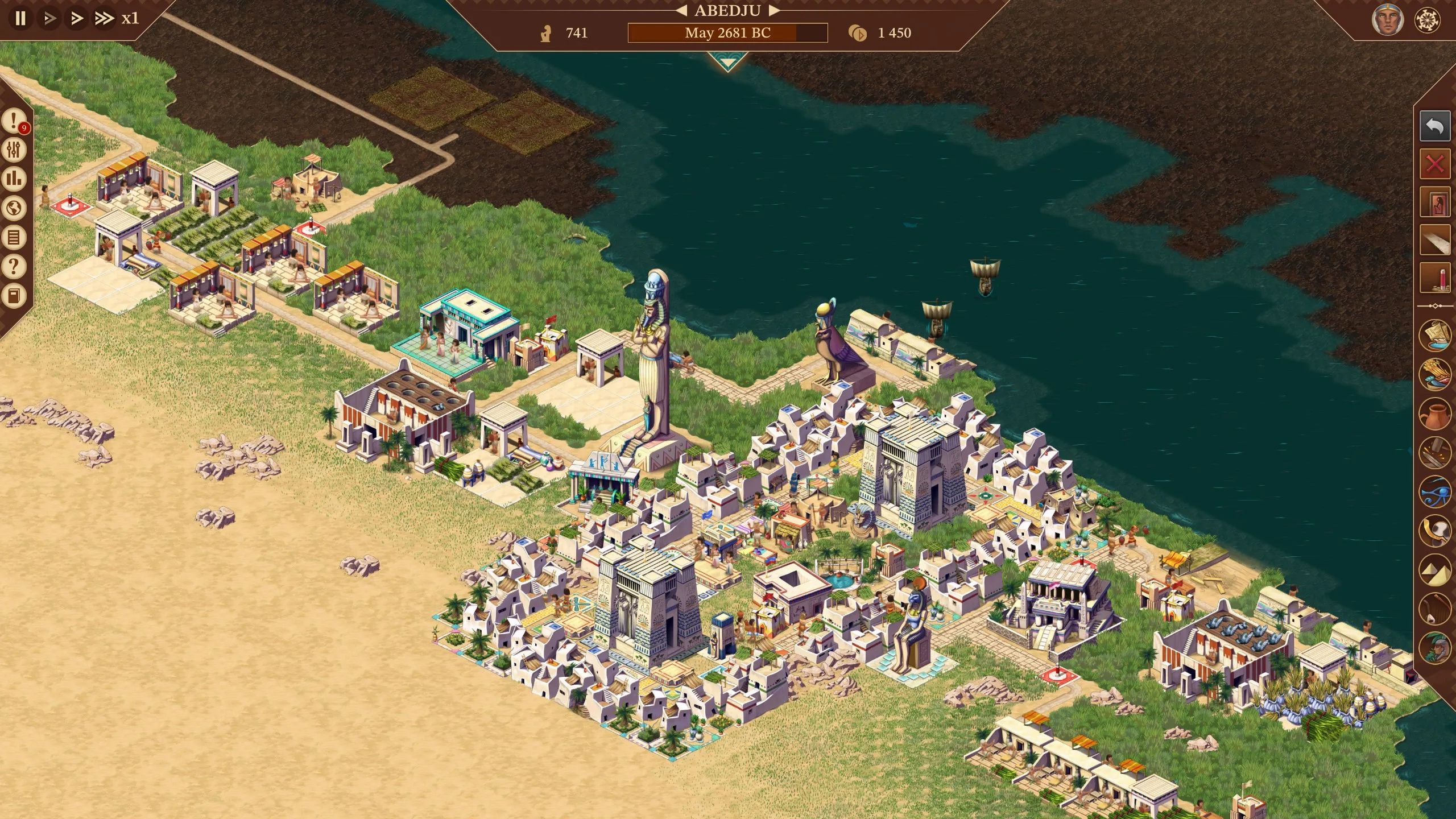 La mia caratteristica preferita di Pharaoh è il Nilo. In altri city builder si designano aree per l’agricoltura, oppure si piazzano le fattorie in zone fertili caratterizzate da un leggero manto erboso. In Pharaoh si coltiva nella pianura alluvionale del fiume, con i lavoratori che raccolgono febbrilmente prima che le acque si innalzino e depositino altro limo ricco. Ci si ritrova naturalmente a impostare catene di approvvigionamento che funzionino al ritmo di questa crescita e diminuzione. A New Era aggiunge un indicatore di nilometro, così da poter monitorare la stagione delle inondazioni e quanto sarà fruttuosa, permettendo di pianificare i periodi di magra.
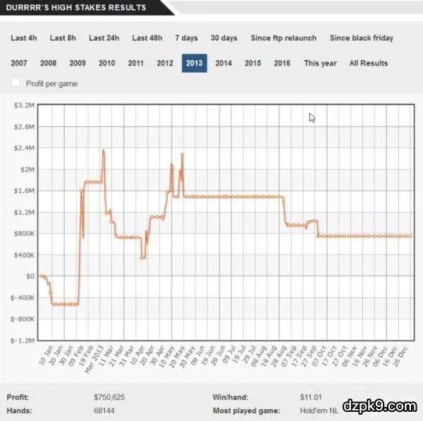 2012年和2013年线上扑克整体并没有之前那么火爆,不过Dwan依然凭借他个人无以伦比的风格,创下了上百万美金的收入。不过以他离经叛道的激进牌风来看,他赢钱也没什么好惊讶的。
* * *
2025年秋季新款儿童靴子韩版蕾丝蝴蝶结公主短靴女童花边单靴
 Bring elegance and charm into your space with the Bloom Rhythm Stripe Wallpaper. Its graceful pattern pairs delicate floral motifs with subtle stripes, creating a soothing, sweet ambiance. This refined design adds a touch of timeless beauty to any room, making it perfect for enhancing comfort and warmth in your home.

[What is needed] Reproduce the data above exactly, but only the lines from the one showing "La mia caratteristica" through the one showing "2012年和2013年线上扑", with both ends kept and the pictures left out.

[Problem solution]
 La mia caratteristica preferita di Pharaoh è il Nilo. In altri city builder si designano aree per l’agricoltura, oppure si piazzano le fattorie in zone fertili caratterizzate da un leggero manto erboso. In Pharaoh si coltiva nella pianura alluvionale del fiume, con i lavoratori che raccolgono febbrilmente prima che le acque si innalzino e depositino altro limo ricco. Ci si ritrova naturalmente a impostare catene di approvvigionamento che funzionino al ritmo di questa crescita e diminuzione. A New Era aggiunge un indicatore di nilometro, così da poter monitorare la stagione delle inondazioni e quanto sarà fruttuosa, permettendo di pianificare i periodi di magra.
 2012年和2013年线上扑克整体并没有之前那么火爆,不过Dwan依然凭借他个人无以伦比的风格,创下了上百万美金的收入。不过以他离经叛道的激进牌风来看,他赢钱也没什么好惊讶的。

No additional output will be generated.